■ Your instructions
Within the entries below, please retype exactly the lines starting with the line that has "一般的に、「なぜ?」を3回繰り返すと自分の本心が見えてくると言われています。" and going on through the line that has "2018年1月1日,凌晨,澳", but not the pictures.

■ Recorded information
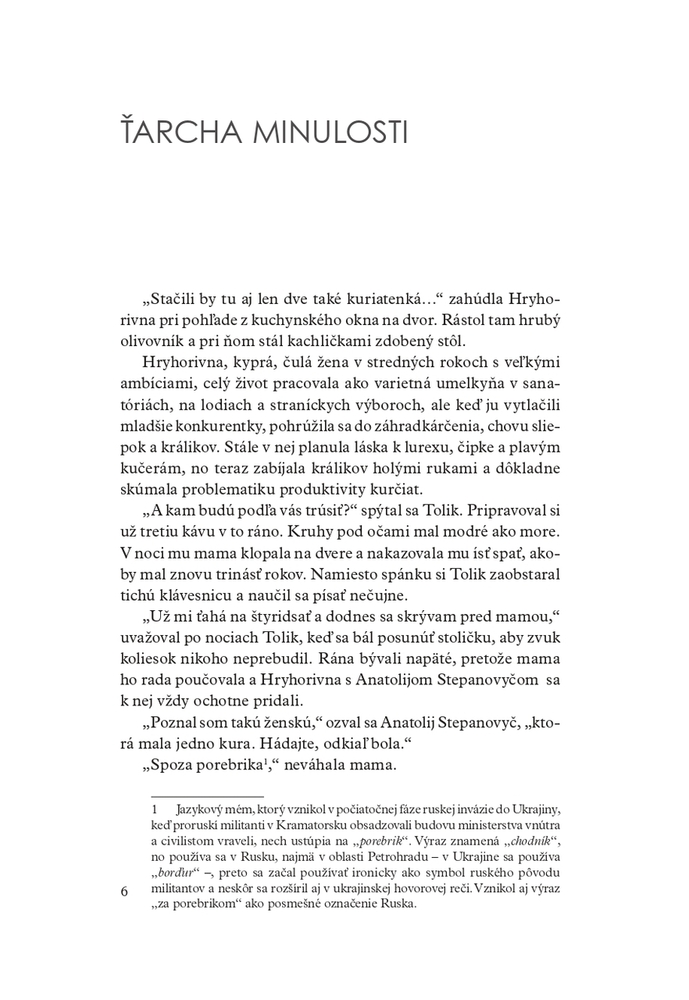 Citlivý a zároveň ironický pohľad na ukrajinskú rodinu, ktorú vojna vytrhla z domova, no nie z koreňov.
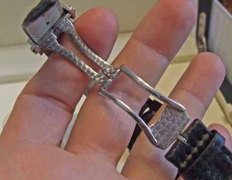 the strap is leather carbon fibre style and comes with a push button deployment clasp. amazingly the unseen bits of the clasp have engine turning detail. this is totally unnessesary but a nice touch.
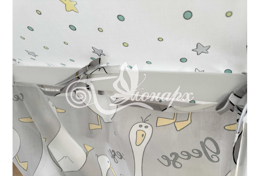 ширина - 82 см. - Занавески с завязками (по 4 завязки на каждой занавеске) на боковые стороны кроватки 2 шт.:
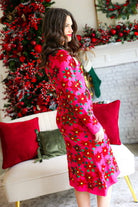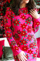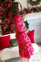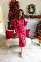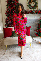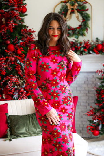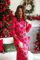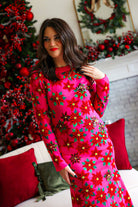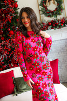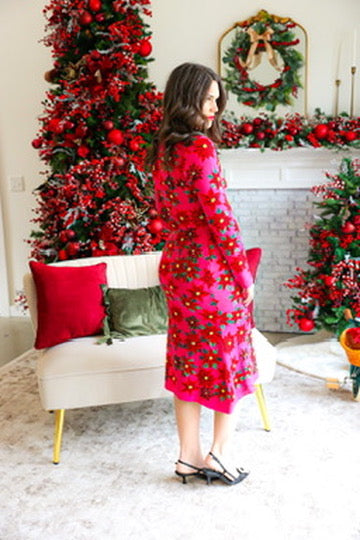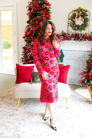 Pink & Red Poinsettia Knit Midi Dress Queen of Sparkles
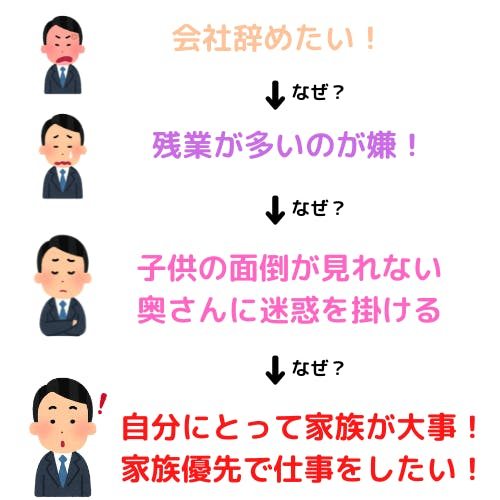一般的に、「なぜ?」を3回繰り返すと自分の本心が見えてくると言われています。
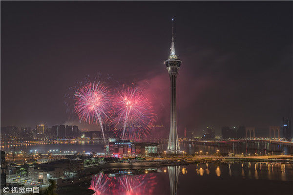 2018年1月1日,凌晨,澳門跨年煙花匯演。2018年元旦澳門舉行的跨年煙花匯演。
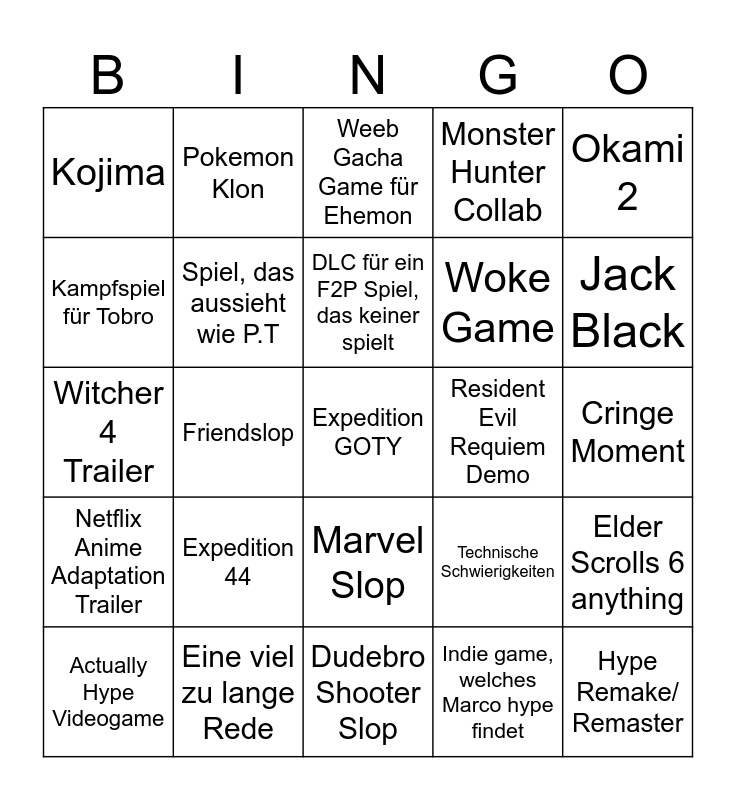This bingo card has a free space and 24 words: Expedition 44, Eine viel zu lange Rede, DLC für ein F2P Spiel, das keiner spielt, Actually Hype Videogame, Okami 2, Kojima, Kampfspiel für Tobro, Pokemon Klon, Resident Evil Requiem Demo, Marvel Slop, Woke Game, Witcher 4 Trailer, Technische Schwierigkeiten, Elder Scrolls 6 anything, Spiel, das aussieht wie P.T, Indie game, welches Marco hype findet, Cringe Moment, Weeb Gacha Game für Ehemon, Jack Black, Friendslop, Hype Remake/ Remaster, Netflix Anime Adaptation Trailer, Monster Hunter Collab and Dudebro Shooter Slop.
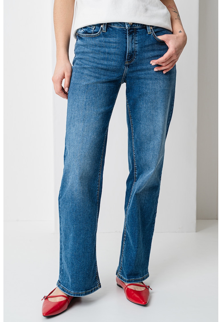 Caracteristici Culoare: albastru Imprimeu: uni Croiala: dreapta Material: denim Talie: inalta Lungime: lungi Buzunare: 5 Sistem inchidere: fermoar Compozitie Exterior: 99% bumbac
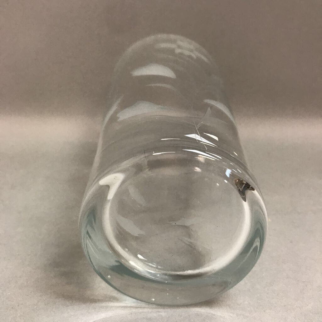 Vintage Tall Clear Glass Vase with Etched Flowers & Leaves (11")
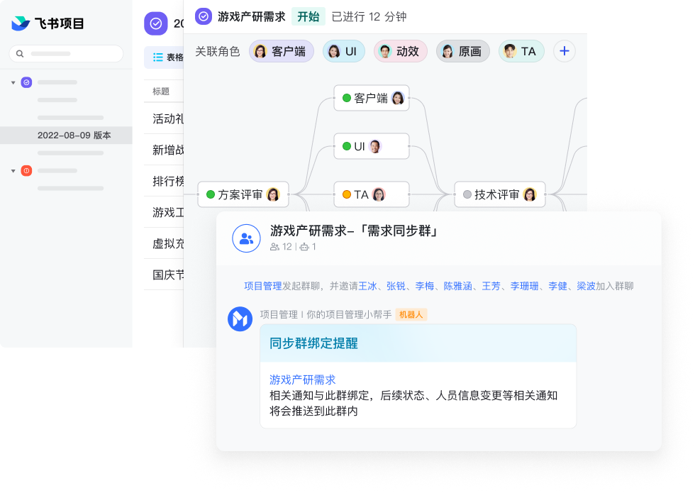 于细微之处彰显飞书项目的魅力。飞书项目的“需求关联群”功能可以消除信息不对等带来的流程损耗;“自动拉群”让相关角色一键入群,针对需求进行深度沟通。后期新加入的成员随着新增关联角色,就可以自动入群,阅读群内的永不删除的消息记录,了解过往背景、历史决策和最新进展等信息。
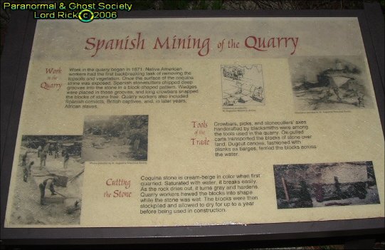 More then three centuries ago a quarry was located on this island which was at one time Native Americans hauled out blocks of rock from it. When that population died off or migrated south in FL the quarrying was left to African Slaves. Hand tools would be used to cut out blocks of the soft shell stone and squared were pried from the natural layers of rock. The blocks of coquina would then be loaded onto an ox drawn cart then barbed across the Matanzas bay to St. Augustine. Some of this coquina was used in the construction of Castillo De San Marcos, Fort Matanzas, Private Houses and even public buildings. So as you can see this was an important investigation for us because it has a connection to everything you currently see down St. Augustine. The island back in the 1500s was plagued by pirates and Spanish soldiers during that time always built their homes and forts out of pine trees or palmetto. The problem is that storms or fire could easily destroy such material. So the Spaniards wanted to discover a way to overcome this so they discovered this building material which is made of rock material deposits and broken shells. In the 1500s the Spaniards made a small gunpowder storage magazine it was not large but it was the start to many other structures that would follow with this type of material. In 1671 the quarrying increased and the Spanish called it "Cantera" which means in English Quarry. We investigated the main quarry on the island which has been worked into a state park but their are other ones very few people know about. Also near the site is the old St. Augustine Amphitheater which we also found on our hike. Coquina rock is fairly soft and its easy to cut while in the ground. Once exposed to the air it can harden. The Spaniards learned to water proof this rock by coating them in plaster and paint. The test eventually did come when Fort Castillo was bombarded the walls absorbed all the cannon balls. Eventually the British used it in 1763 and then the Americans in 1821. Alot of places we go are coquina structures even most of the sugar mill plantations. Wandering the island was a real treat here we sort of felt like pirates stuck on an island. We could hear the ocean near by as we walked the dark sandy trails. I have to admit this was more fun then haunted by the history here is quite interesting when you think about pirates and centuries of quarrying being done. Some of you are probably not aware of it but we investigated the lighthouse which is also on this island and we got some good ghost activity hearing the little girls that haunt it late one night. I mean the island is what it is its haunted but when people hear of this island they directly think lighthouse very few are aware of the old quarry. You can read more about the lighthouse on the island by Clicking Here: Saint Augustine Lighthouse which we also investigated and explored. © By Lord Rick-AngelOfThyNight
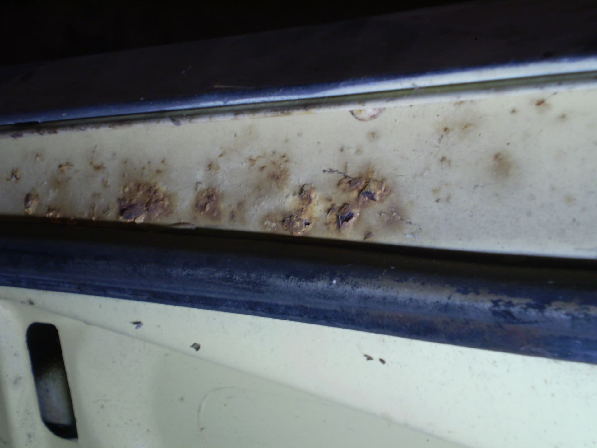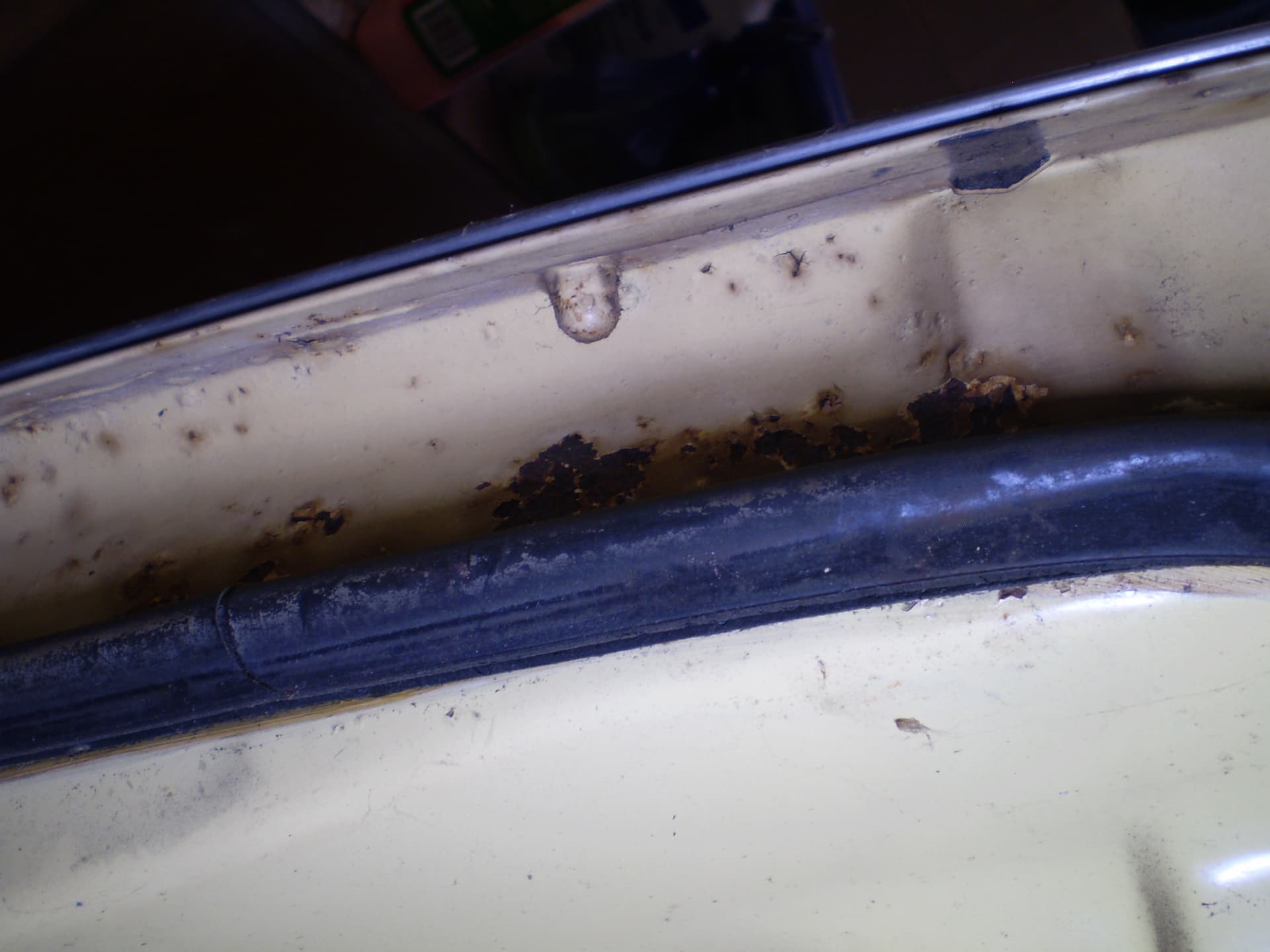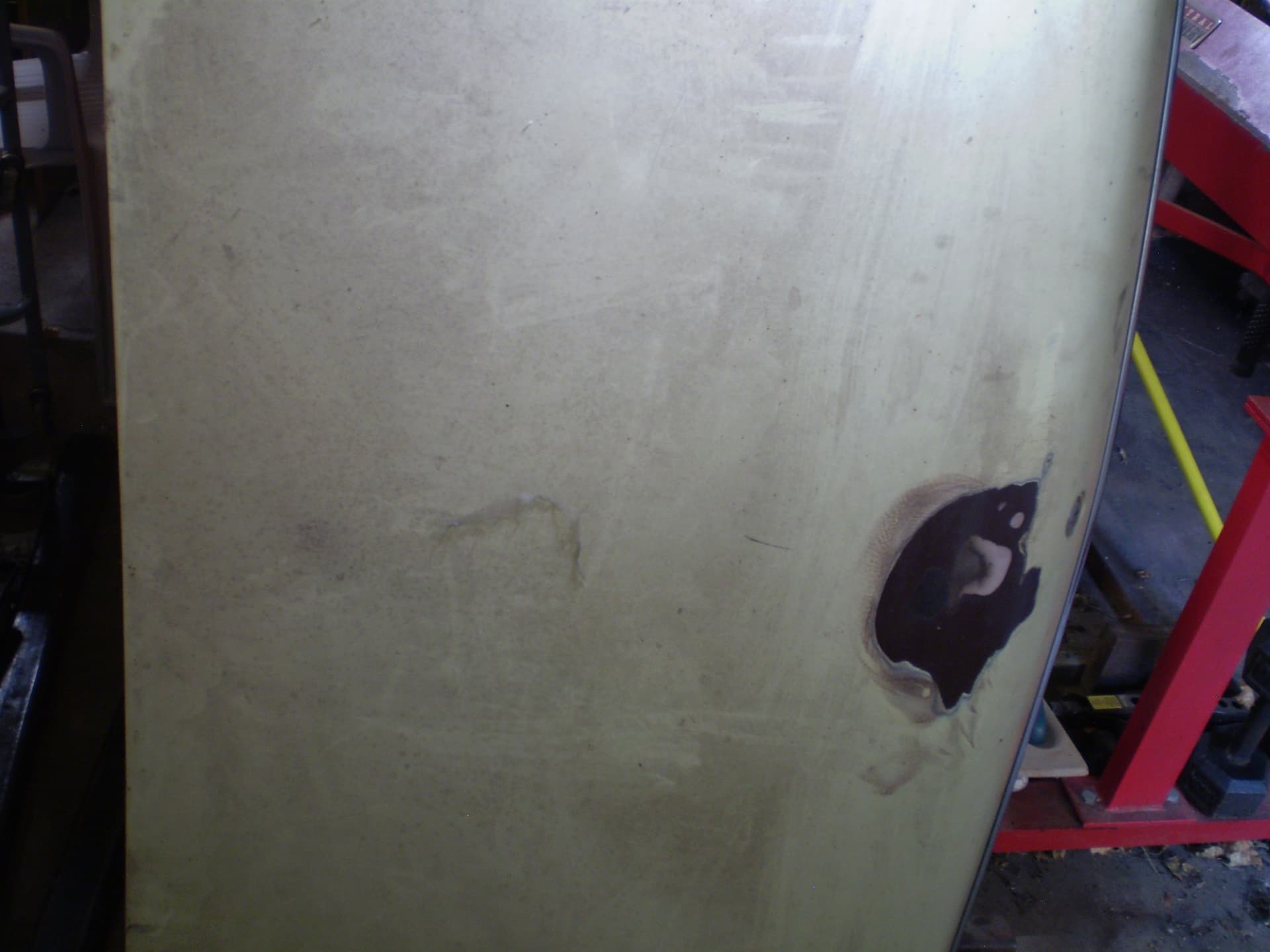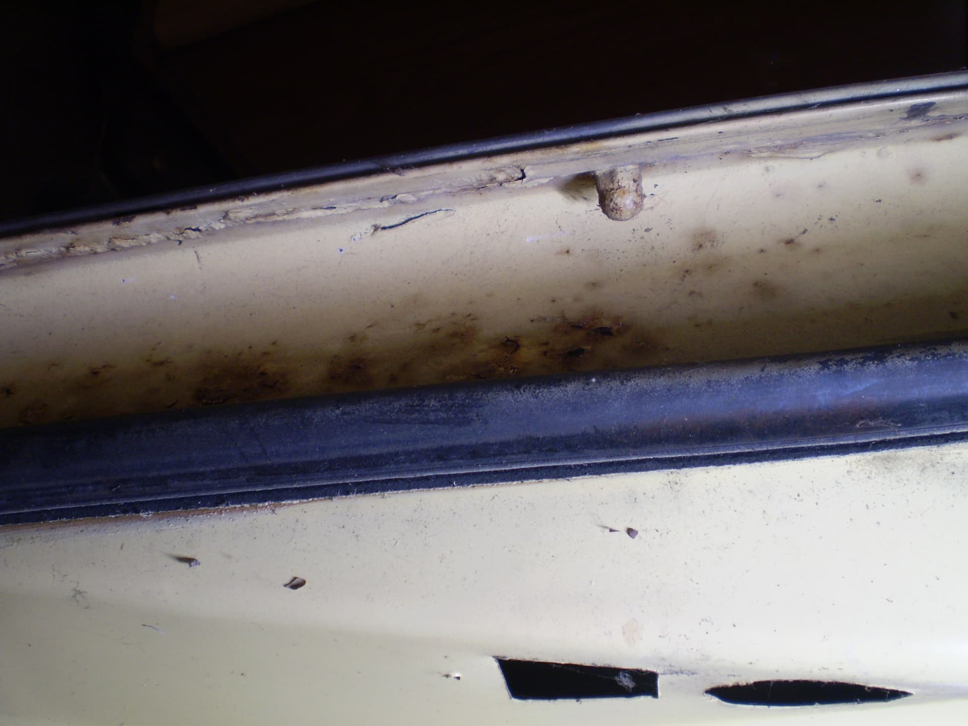 Its a F Dearborn car. The shock towers have big ugly holes from a cutting torch, someone thought it was a good idea in order to grease the upper arm pivot. The deck lid is in good condition, was professionally rustproofed at some point (see the yellow plugs). the inside surfaces were sprayed with black rustproofing, not undercoating. I hit a spot with the sander years ago I think there was a bubble in the paint I don’t remember for sure.

■ Your solution
一般的に、「なぜ?」を3回繰り返すと自分の本心が見えてくると言われています。
 2018年1月1日,凌晨,澳門跨年煙花匯演。2018年元旦澳門舉行的跨年煙花匯演。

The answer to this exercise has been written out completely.